Universal Pictures is selling its specialty division, Rogue Pictures to Relativity Media for about $150 million. This news is long in the making; the deal's been in negotiations for months.
The most notable asset Relativity is acquiring is Rogue's library of about 30 films, which can be monetized though DVD sales, TV rights (on the likes of HBO), and now digital distribution. Rogue is known for what Hollywood calls "genre" films, horror films aimed at moviegoers 25 and under, made with a relatively low budget.
The division's valuation was calculated based on the performance of the library so far, and the expectations for upcoming library titles. For instance, "The Strangers" a hit horror film this summer, grossing $53 million at the US box office on a reportedly $9 million budget, should bring in about $20 million from the HBO sale alone.
Another asset Relativity acquires; the roughly 30 projects Rogue has in development, including a sequel to hit "Strangers" and whatever projects emerge from a producing deal with Wes Craven (the "Scream" series) and his production arm. This Friday Rogue opens "The Unborn," from producer Michael Bay.
Here's what Universal gets: a chunk of cash now, plus the rights to release Rogue movies (without having to take the risk of investing in developing or financing them) for a distribution fee of 10 percent of revenues.
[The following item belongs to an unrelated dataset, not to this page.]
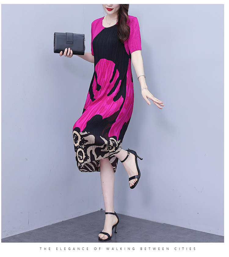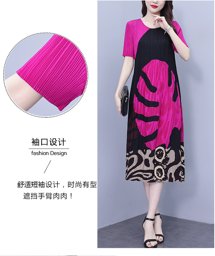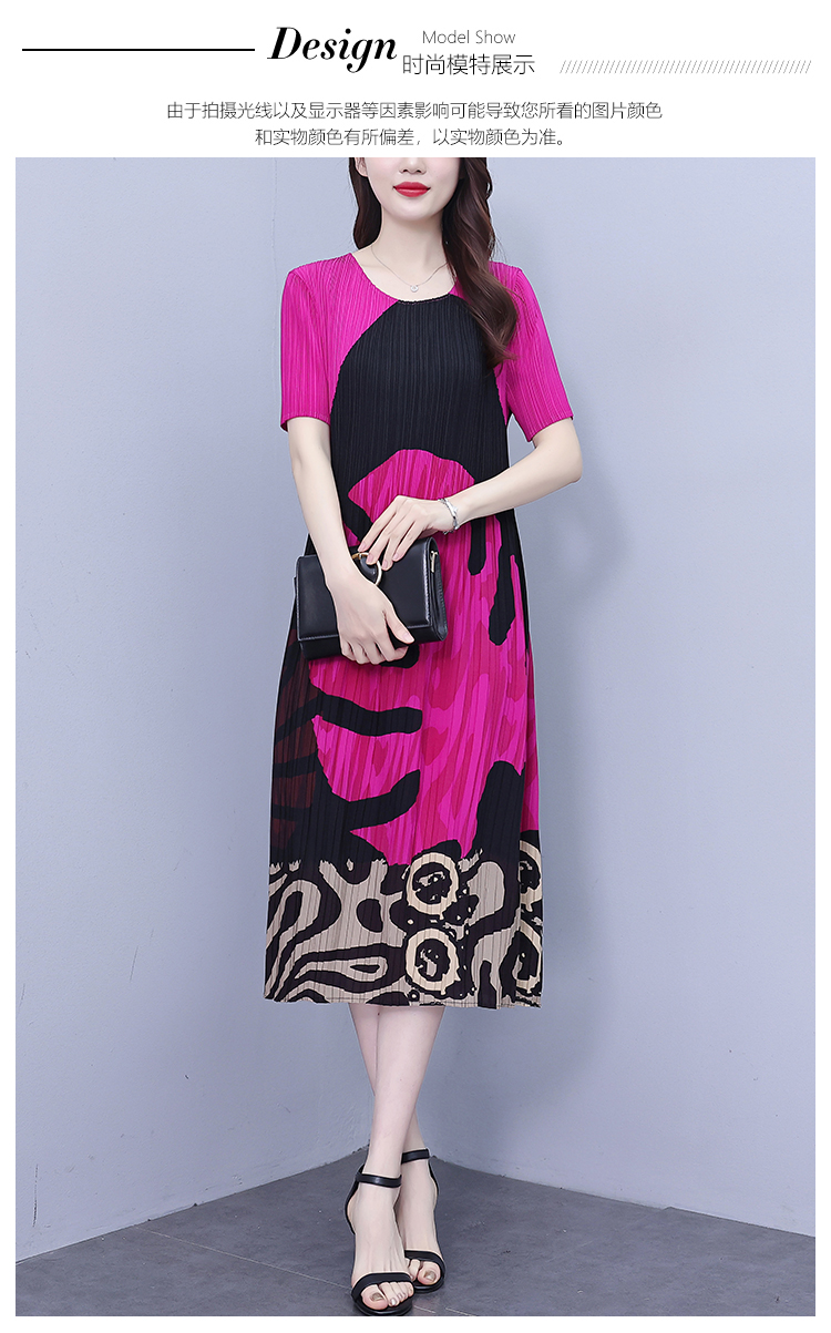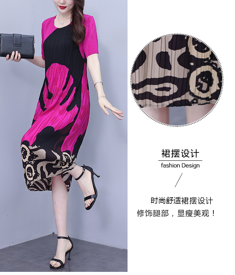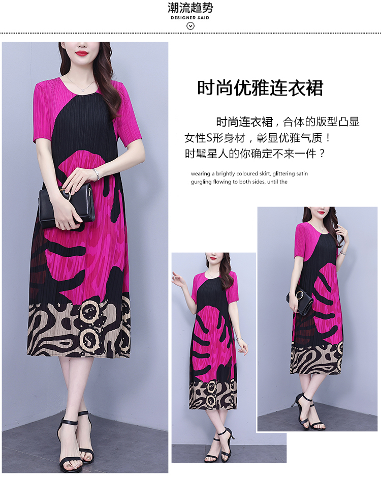 PF4409#大码女装2024夏季新款时尚印花圆领气质连衣裙遮肚子显瘦裙子女裝批發 服裝批發 服裝貨源

Relativity is backed by New York-based hedge fund Elliott Associates, which just this September invested another $1 billion into Relativity, giving Relativity about $2 billion n cash on its balance sheet.
The two companies have been working together for years now; in September Relativity struck a deal to effective co-finance Universal's slate through 2015. A few years earlier the two made a deal in which Relativity paid for half the cost of a slate of movies including hits "Mamma Mia!" and money-losers like "The Kingdom."
I think it's remarkable that any such deals are getting done in Hollywood right now. It's certainly a convenient infusion of cash as Universal faces some new costs, including its new distribution deal with Steven Spielberg's DreamWorks . In terms of Relativity's end of the bargain, my only question is about the value of the development slate.
Rogue's president left the studio a few months ago, when these negotiations were heating up, and the company is tiny, with just a handful of execs. Without the production shingle's top dog, and if employees keep leaving, is a development slate worth the same amount without the folks who developed it? We will see!